"Sampai ketemu 2taun 8bulan kemudian..."
•
•
•
•
•Di sini Haechan sekarang, di gedung tempatnya menjabat sebagai Pimpinan kantor Cabang Utama. Bukan kembali untuk bekerja, melainkan pulang ke rumahnya—gedung bank adalah miliknya: lantai teras dijadikan ruangan tempat tinggal. Berangkat dengan pesawat penerbangan jadwal pertama dan tiba di kota itu menjelang siang. Bukan lagi seorang karyawan, dia masuk ke rumah melalui pintu di area parkir mobil di lantai tujuh. Kakinya menuju sofa di tengah ruangan, lalu menghempaskan tubuh di sana untuk beristirahat. Meski ditinggalkan, rumah itu tetap terasa nyaman—seorang ART diperkerjakan untuk merawat kebersihannya.
Bip, bip, bib ...Seseorang memencet password pada kunci pintu digital. Haechan tak perlu menengok siapa yang masuk tanpa permisi, itu Jaemin, dia yang memanggil lelaki itu untuk datang.
"Ngapain ke sini? Ada urusan? Kafe lo di sana lancar?" tanya Jaemin bertubi-tubi.
"Jaem," gumam Haechan. Dia bisa merasakan Jaemin duduk di sebelahnya, matanya sedang terpejam.
"Paan?" Jaemin menyahut malas.
"Gue rindu," ucap Haechan.
"Akhirnya ...," sambut Jaemin bersenandung. "Akhirnya lo punya perasaan ke gue. Akhirnya gue dihomoin juga."

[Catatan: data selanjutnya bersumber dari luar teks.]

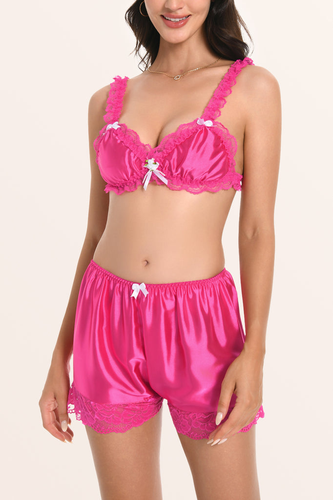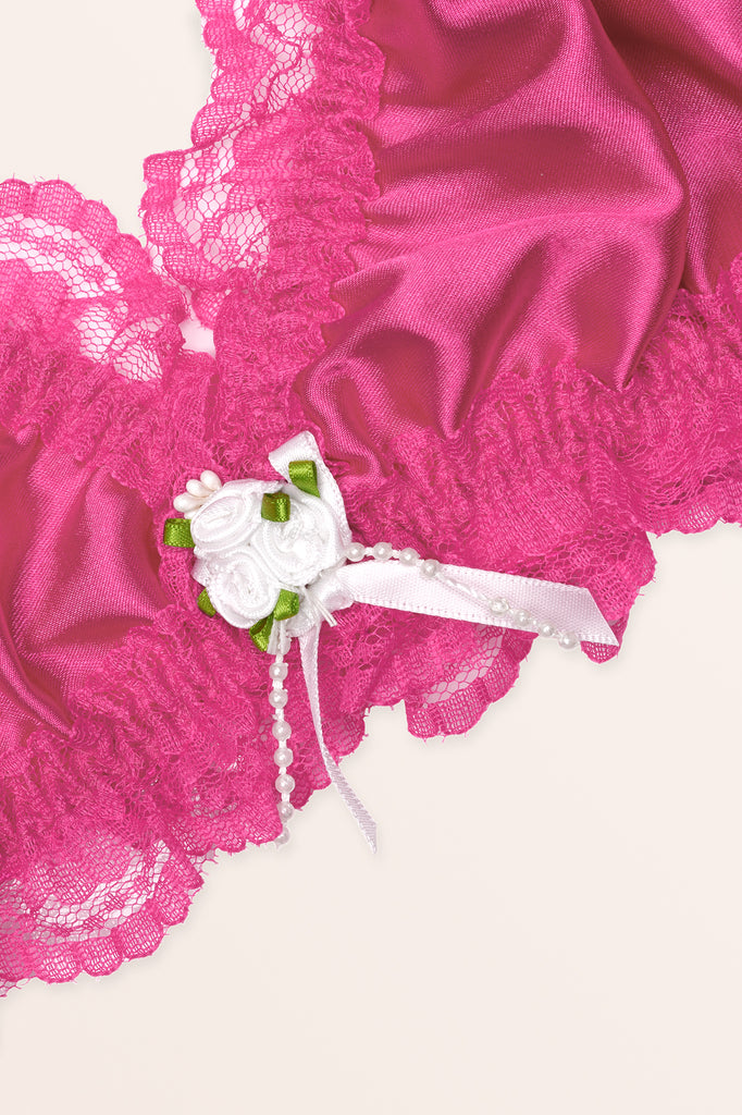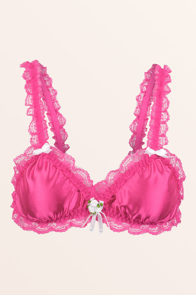Omarm je vrouwelijkheid in deze prachtige bralette. Gemaakt van delicate satijnen stof en elastische bandjes voor comfort de hele dag door, met een drietal romantische rozen en een reeks nepparels genesteld in het decolleté, allemaal geaccentueerd met sierlijke schouderstrikken en een ruchesrand. Geniet van de elegantie.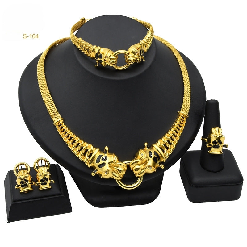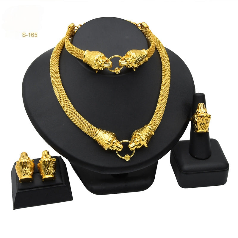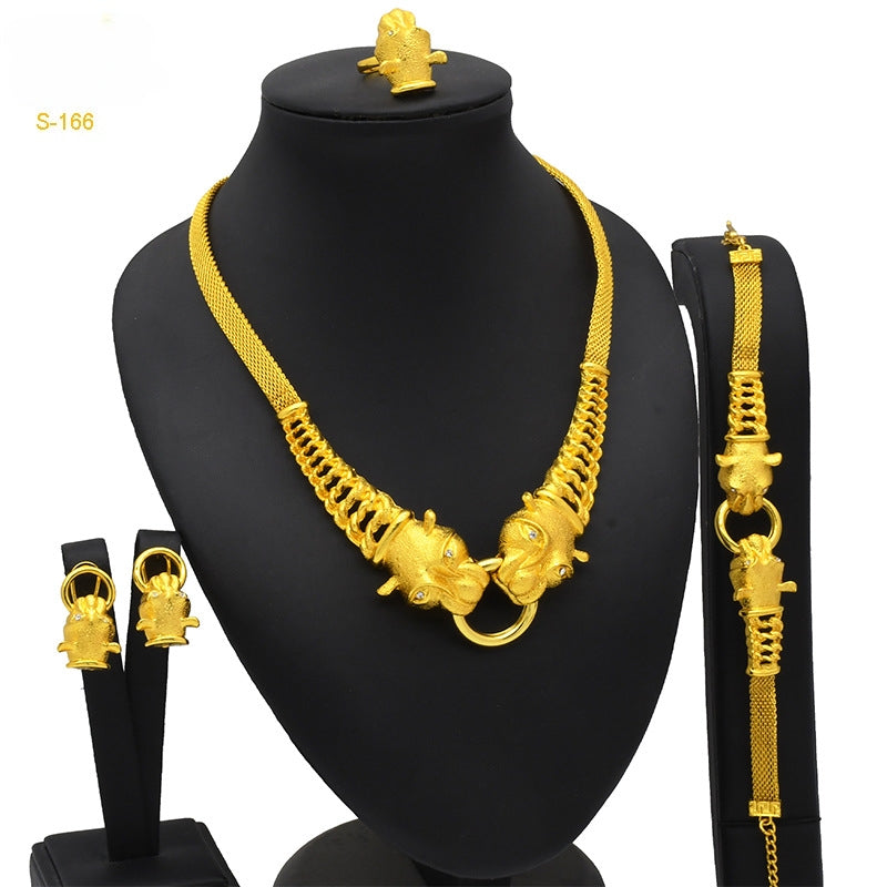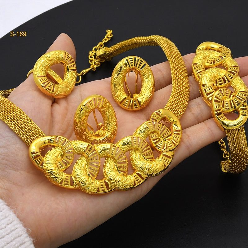 Dubai Middle East 24K Gold Plated Bridal 4-Piece Jewelry Set, Necklace Bracelet Earrings Ring for Bride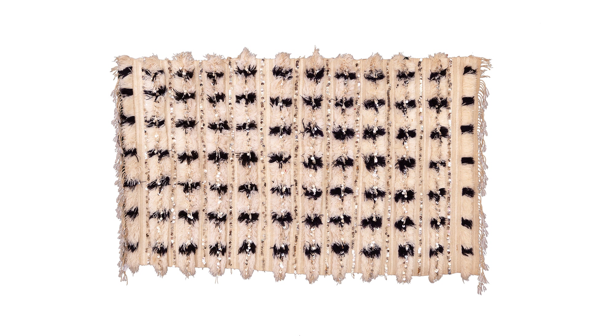 Hand-woven flatweave with ribbed ground; hand-applied sequins (mouzouna) and plush tuft accents. Supple drape with gentle, tactile shimmer.

Plak! Bantal sofa melayang menghantam tubuh Jaemin.
"Sinting! Main pukul aja," bentak Jaemin.
"Gue serius," ulang Haechan.
"I miss you too, baby."
Haechan membuka mata, duduk tegak dan meraih bantal sofa lainnya ingin dia lempar Jaemin.

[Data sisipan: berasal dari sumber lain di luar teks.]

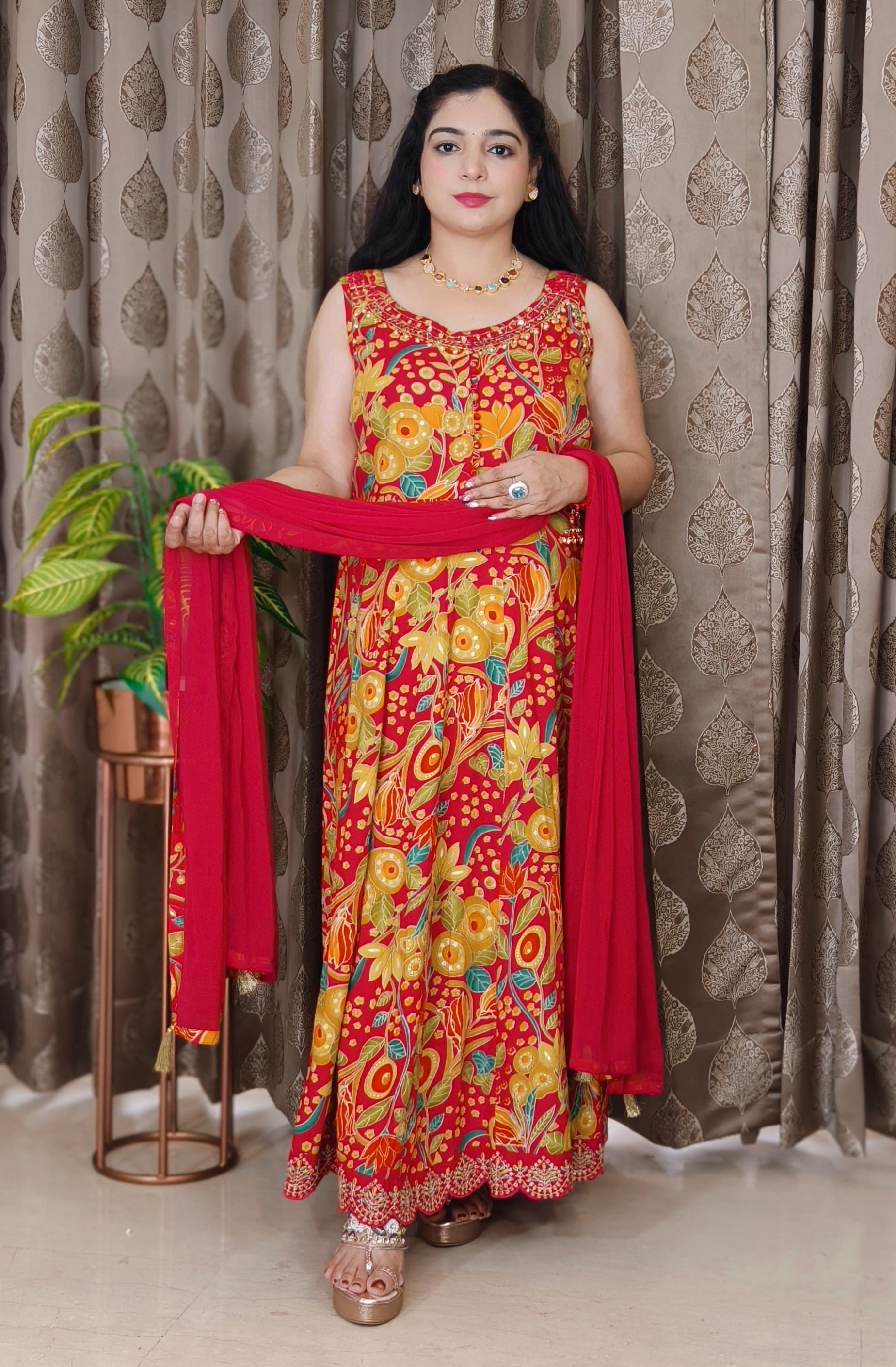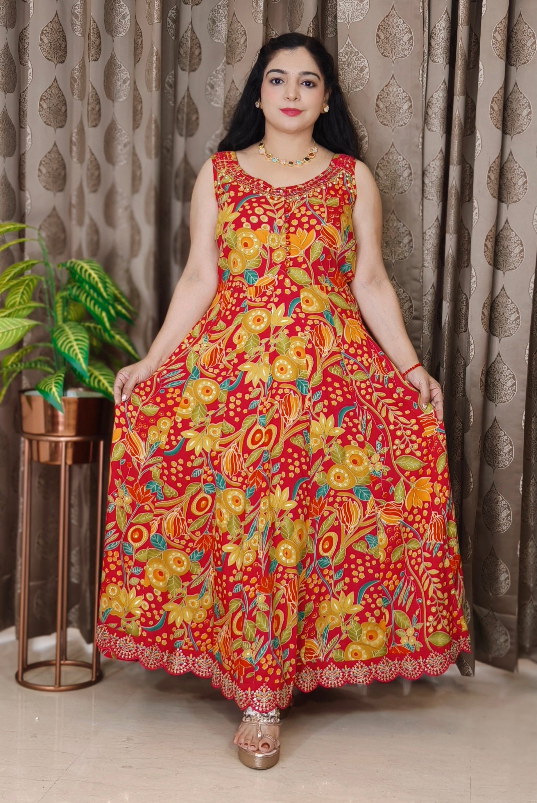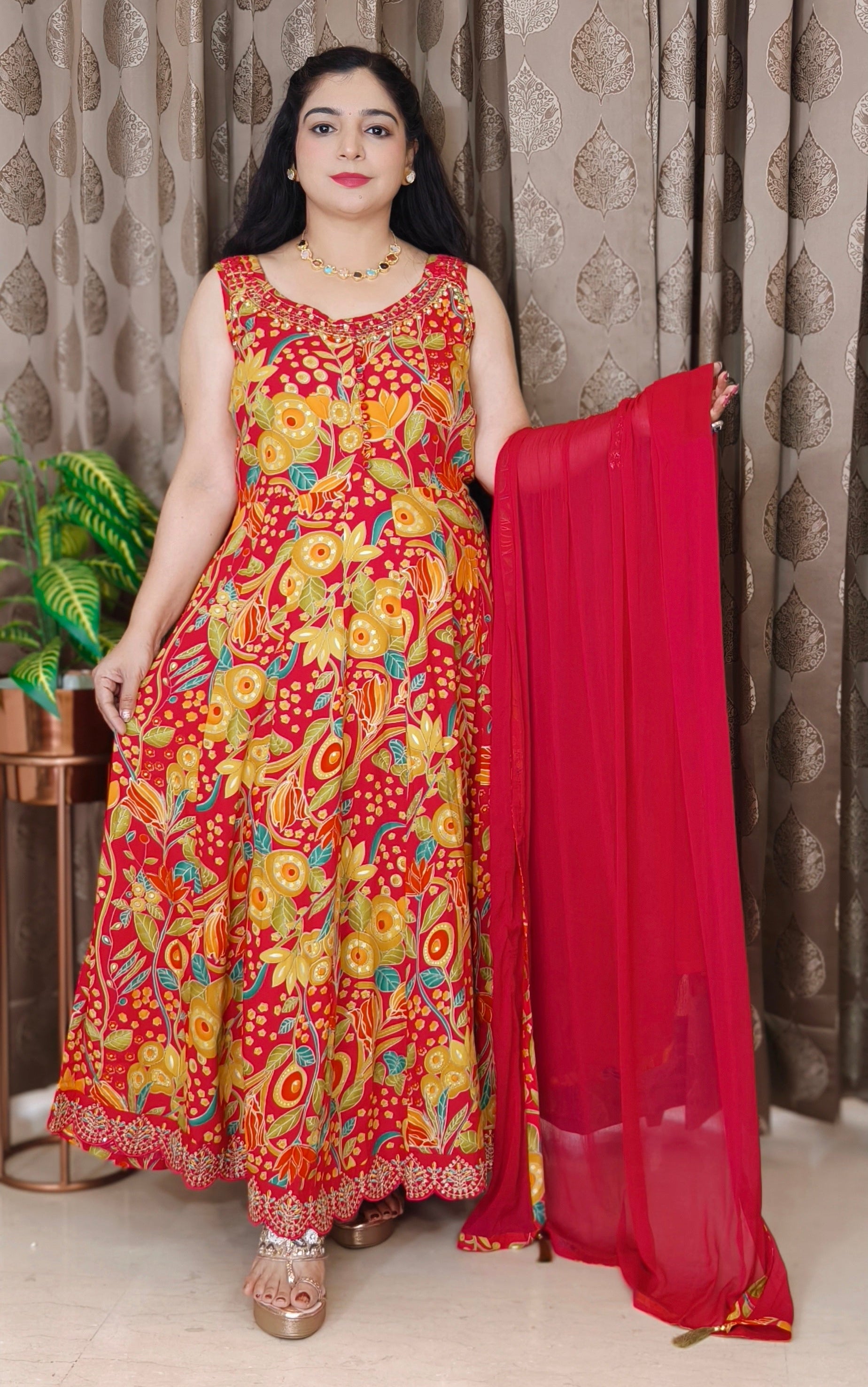 RED/YELLOW PREMIUMREYON ANARKALI WITH FULL FLAIR AND HEAVY DUPATTA

"Galak banget!" teriak Jaemin, siapa tahu ada yang mendengarnya dan datang menolong sebelum bantal itu memukulnya. "Love language lo main kasar , ya, sekarang?!"
"Maksud gue, Renjun," beritahu Haechan. Bantal di tangannya tak jadi digunakan memukul, melainkan dia peluk.
Ekspresi mencibir Jaemin seketika terpampang. "Rindu? Ya bilang ke orangnya. Malah curhat ke gue. Ga ada yang bisa dijadiin teman curhat di sana? Kan ada abang sepupu lo."
"Ga bisa." Haechan menghela napas berat. "Curhat ke Bang Kun? Yang ada gue diketawain."
"Lah?!" ujar Jaemin, terkekeh. "Lo cerita ke gue—sama—bakal gue ketawain sekaligus gue nyinyirin."
"Bodo amat," Haechan menanggapi. "Seengganya lo kenal Renjun. Lagian nyinyiran lo suka bikin gue sadar."
"Kalian berantem?" tebak Jaemin. "Eh, seingat gue lo berdua bucinnya suka adu mulut, kan?" tanyanya. "Masih?"
"Dia ga boleh tau gue ga baik-baik aja."
Lagi-lagi tampangnya mencemooh secara terang-terangan. "Gue sangat yakin Renjun tau lo ga baik-baik aja," kata Jaemin.
"Gue pernah kepergok mimpi buruk—"
"—Mimpi apaan? Kok Renjun tau lo mimpi buruk? Dia liat lo lagi tidur? Renjun kan di Inggris," potong Jaemin.
"Mimpiin dia ngilang. Akhir-akhir ini gue sering ngulang kejadian dia ngilang saat tidur," ucap Haechan pelan. "Yah, Renjun ngawasin gue tidur. Perbedaan waktu ada untungnya—ternyata ...We always look at each other every night."
"By phone?" tanya Jaemin, wajahnya mengambil kuda-kuda untuk mencemooh. Haechan mengangguk. "Idih!" Bibirnya mencibir. "Udah kayak orang pacaran aja lo berdua."
"Jaem," geram Haechan.
"Iya iya, lo berdua ga pacaran, tapi udah macam-macam," ucap Jaemin buru-buru. "Katanya udah deep banget, eh malah dibiarin pergi. Aneh!"